**PROBLEM TO WORK ON:** Show every line of the data that includes the word "Marbella".
---- DATA PROVIDED
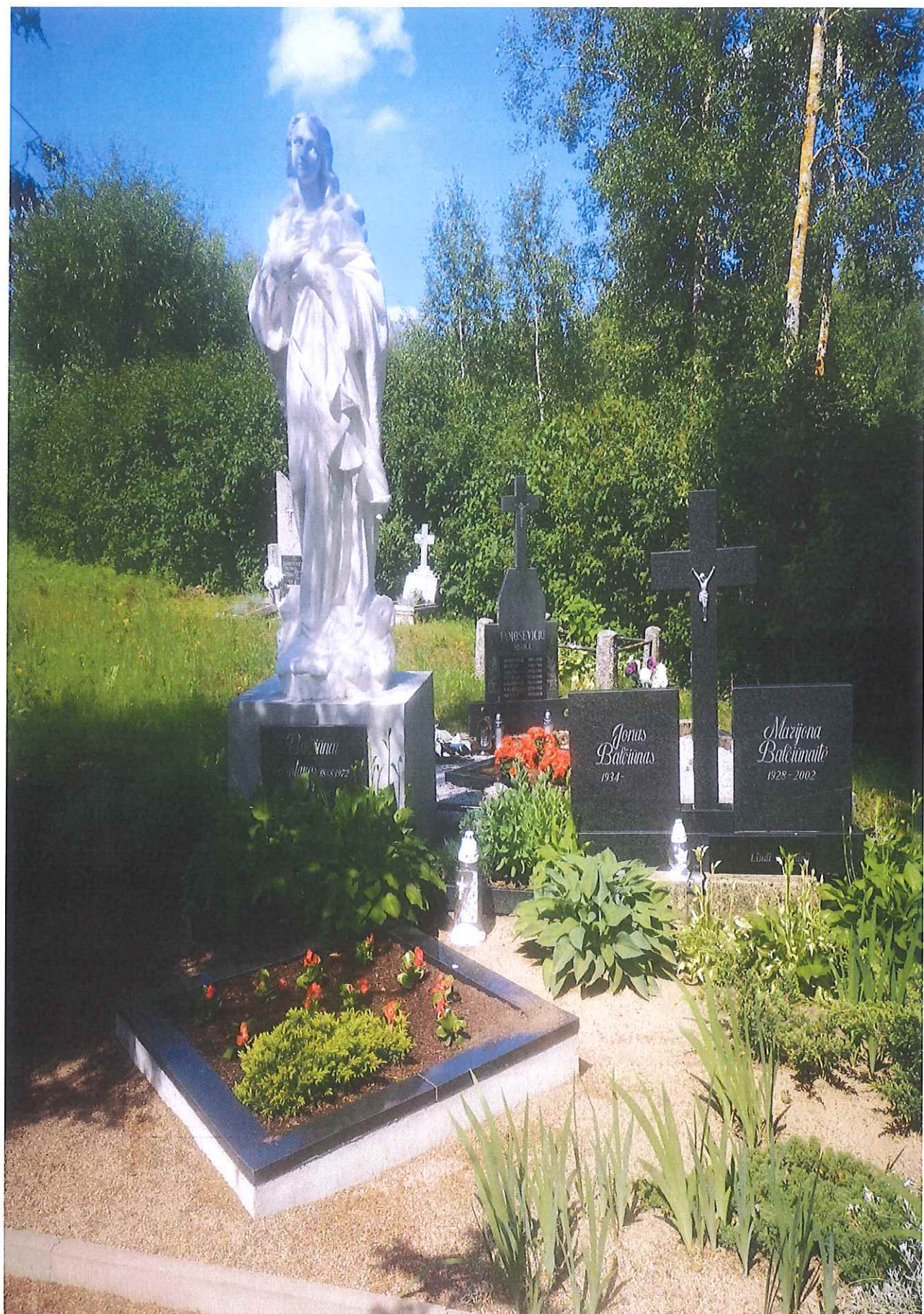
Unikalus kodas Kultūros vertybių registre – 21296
--------
---- DATA PROVIDED
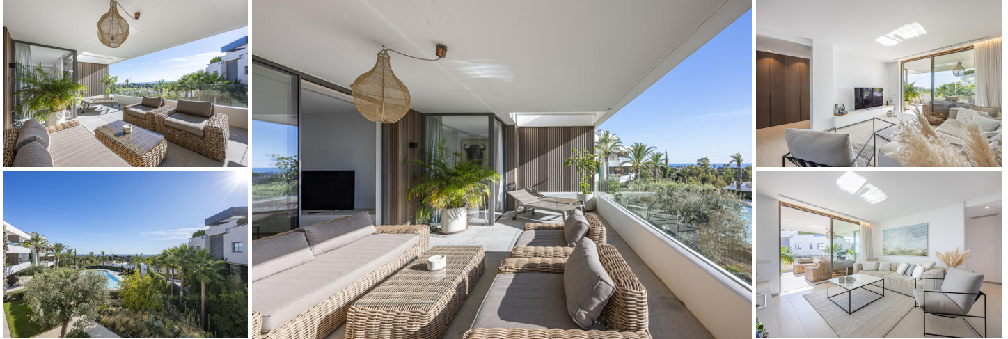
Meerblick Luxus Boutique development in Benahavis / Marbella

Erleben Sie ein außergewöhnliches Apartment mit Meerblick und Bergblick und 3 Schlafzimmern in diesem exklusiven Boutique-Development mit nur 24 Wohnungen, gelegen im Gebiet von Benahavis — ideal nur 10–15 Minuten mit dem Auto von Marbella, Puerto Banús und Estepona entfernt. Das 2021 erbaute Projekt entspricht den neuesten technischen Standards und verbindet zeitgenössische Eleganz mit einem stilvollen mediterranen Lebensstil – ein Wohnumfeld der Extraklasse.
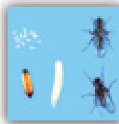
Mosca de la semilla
--------
**PROBLEM SOLUTION:**
Meerblick Luxus Boutique development in Benahavis / Marbella
Erleben Sie ein außergewöhnliches Apartment mit Meerblick und Bergblick und 3 Schlafzimmern in diesem exklusiven Boutique-Development mit nur 24 Wohnungen, gelegen im Gebiet von Benahavis — ideal nur 10–15 Minuten mit dem Auto von Marbella, Puerto Banús und Estepona entfernt. Das 2021 erbaute Projekt entspricht den neuesten technischen Standards und verbindet zeitgenössische Eleganz mit einem stilvollen mediterranen Lebensstil – ein Wohnumfeld der Extraklasse.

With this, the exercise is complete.